Print nothing beyond the line with "Соціологічне опитування, яке": every line from the beginning of the data up to it, that line included, and no pictures.

§ **Data for the task**:

● ● ●

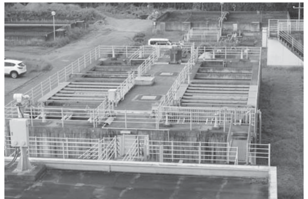
運転監視や維持管理を委託している玉造浄水場

A 浄水施設運転監視および維持管理業務委託で、アイテック株式会社千葉支店に委託している費用が主なものです。玉造浄水場は12人、城山浄水場は9人、合わせて21人の体制で24時間勤務です。
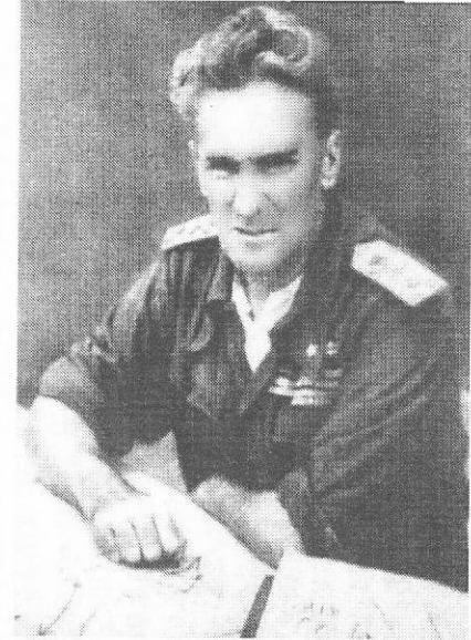
ማርሻል ሮዶልፎ ግራዚያኒ፤ (ሕዝባችንን በግፍና በጭካኔ ያስገደለ)
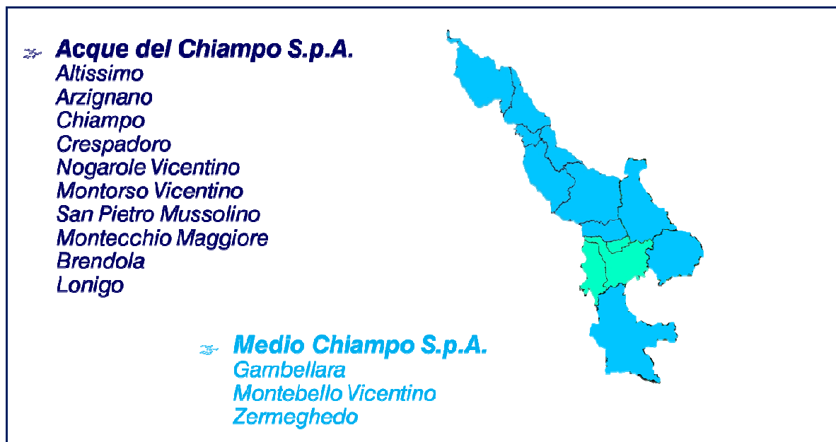
Figura 2 - Territorio dell'ATO Valle del Chiampo
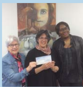
ABRI DE LA RIVE-SUD
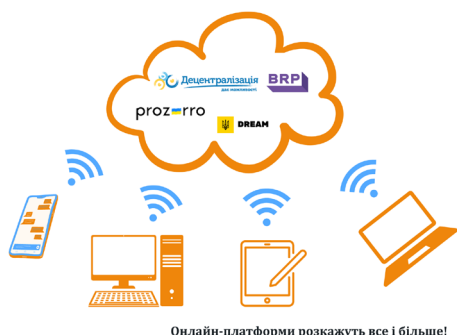
Онлайн-платформи розкажуть все і більше!

Соціологічне опитування, яке раніше провели представниці Громадського офісу відновлення ГО «Проти Корупції», показало, що громадськість зацікавлена у проінформованості про процеси відновлення, але не має необхідних інструментів для цього. Враховуючи інтерес до моніторингу відбудови, вирішили ознайомити мешканців громади з онлайн-ресурсами, які будуть корисними.
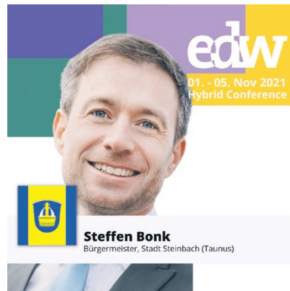
Steffen Bonk Bürgermeister, Stadt Steinbach (Taunus)
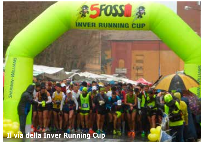
Il via della Inver Running Cup
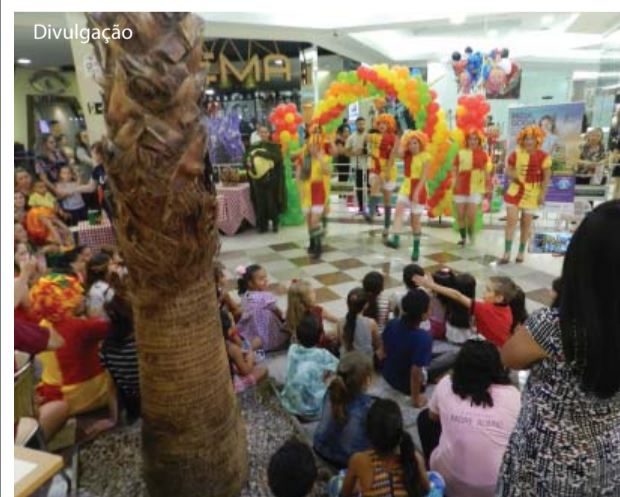
As Emílias encantaram novamente as crianças.

Mais de 20 crianças participaram da comemoração que homenageou Monteiro Lobato; elas também foram informadas sobre a importância do escritor para a literatura infantil.
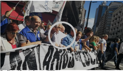
Paro Nacional Bancario, Argentina (2018)

En diciembre de 2019 nuestro Dossier N° 23 hará una evaluación general de la situación en Sudamérica tras las elecciones de octubre en Argentina, Bolivia y Uruguay. Dilma Rousseff, la expresidenta de Brasil, reflexionó sobre los resultados de las primarias en Argentina señalando que esto era una "luz al final del túnel para Argentina y Latinoamérica"
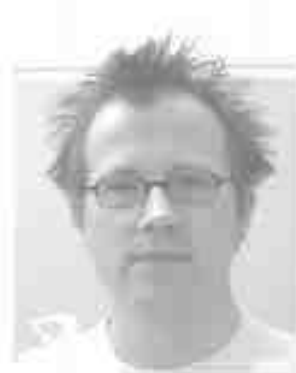
9. Platz: [Name]

● ● ●

§ **Solution for this exercise**:
運転監視や維持管理を委託している玉造浄水場

A 浄水施設運転監視および維持管理業務委託で、アイテック株式会社千葉支店に委託している費用が主なものです。玉造浄水場は12人、城山浄水場は9人、合わせて21人の体制で24時間勤務です。
ማርሻል ሮዶልፎ ግራዚያኒ፤ (ሕዝባችንን በግፍና በጭካኔ ያስገደለ)
Figura 2 - Territorio dell'ATO Valle del Chiampo
ABRI DE LA RIVE-SUD
Онлайн-платформи розкажуть все і більше!

Соціологічне опитування, яке раніше провели представниці Громадського офісу відновлення ГО «Проти Корупції», показало, що громадськість зацікавлена у проінформованості про процеси відновлення, але не має необхідних інструментів для цього. Враховуючи інтерес до моніторингу відбудови, вирішили ознайомити мешканців громади з онлайн-ресурсами, які будуть корисними.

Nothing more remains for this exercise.